Весна 1956
«В ожидании Годо»[21]
— это один из тех редких антиподов сознания, которые таинственным образом приняты широкой публикой. Почему? Потому что ноги этого мечтателя и этого безумца дурно пахнут, потому что смешное понятно всем, потому что легко узнаваем образ мыслей бродяги, мечтающего о спасителе, который избавит его от забот. Зрителя не заботит безумие Лаки, его ад. Язык иносказателен (антиподы говорят на языке грез), но у публики остается иллюзия, что она увидела глубокий спектакль. Интеллектуалы развлеклись. Как после воплощения Теннесси Уильямсом своего собственного кошмар, раздутого до невероятных размеров, в «Camino Real»[22].«В ожидании Годо» хватает качества, изобретательности, присутствия духа при чувстве потерянности. Некоторые фразы трогательны, другие вызывают смех. Эта пьеса превосходит многие другие и оставляет приятное послевкусие.
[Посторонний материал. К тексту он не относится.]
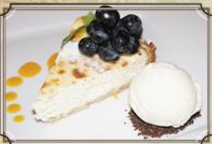
Фирменный чизкейк ..... 290 с шариком мороженого и соусом манго 130/40/40/30/2 г.
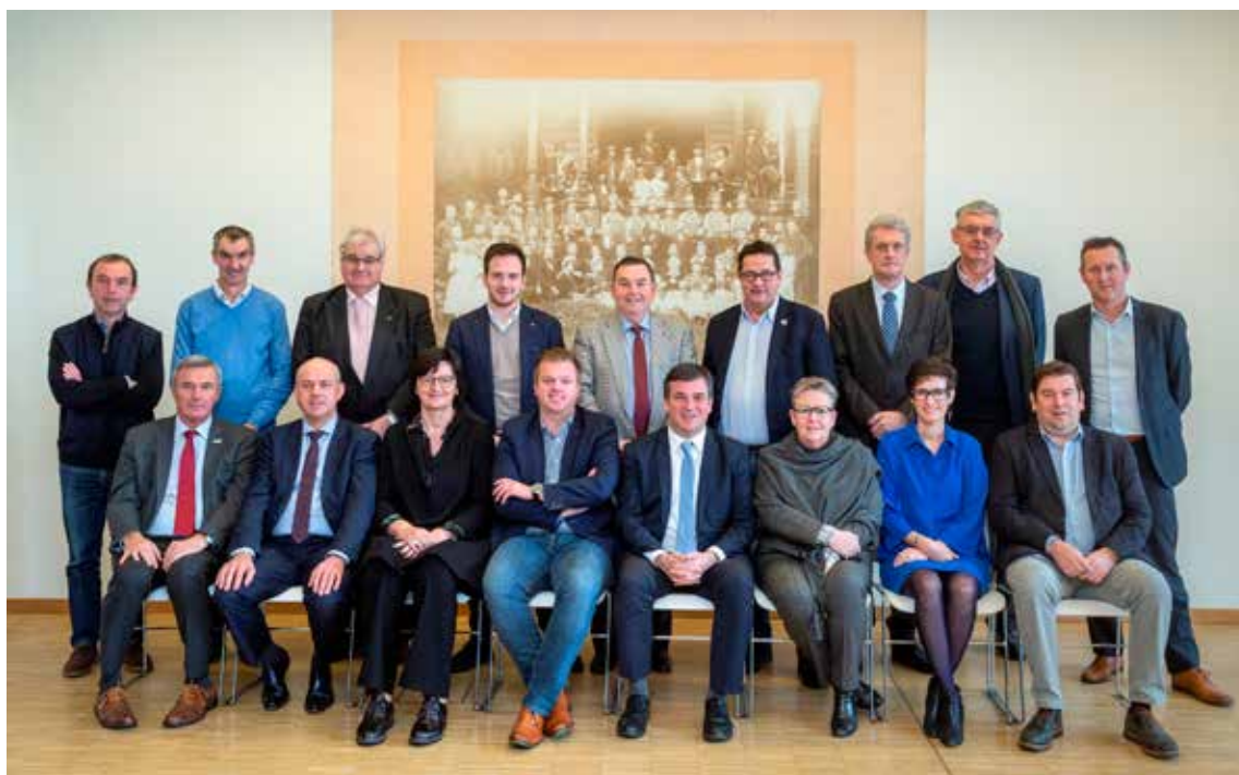
De raad van bestuur van DVV Westhoek.

bestuur. In december 2019 kreeg het strategisch plan dan groen licht in de algemene vergadering van de DVV Midwest.

Я не знаю, почему она не трогает целиком, — не больше чем Джойс. Потому ли, что все это является не настоящим антиподом, а еще одной симуляцией интеллектуальности, воспроизведением иррационального, повторением, а не прямым выражением? Все это тщательным образом построено и исходит из сознания, а процесс распада является лишь отражением истинного подсознания.
Мы с Джимом попытались понять, почему пьеса не вызвала у нас восторга. Может, потому что сама по себе тема вызывает тошноту? Пассивность, ожидание, пустота дней, бессилие. Было ли дело в смеси неотесанного рода человеческого, гноящихся ног, со сложными идеями, достойными Эйнштейна, в отношении пространства и времени? Как бы там ни было, мы должны быть лояльны по отношению к исследователям грез человеческих, даже когда интеллект вмешивается одновременно и в кошмары, и в сны.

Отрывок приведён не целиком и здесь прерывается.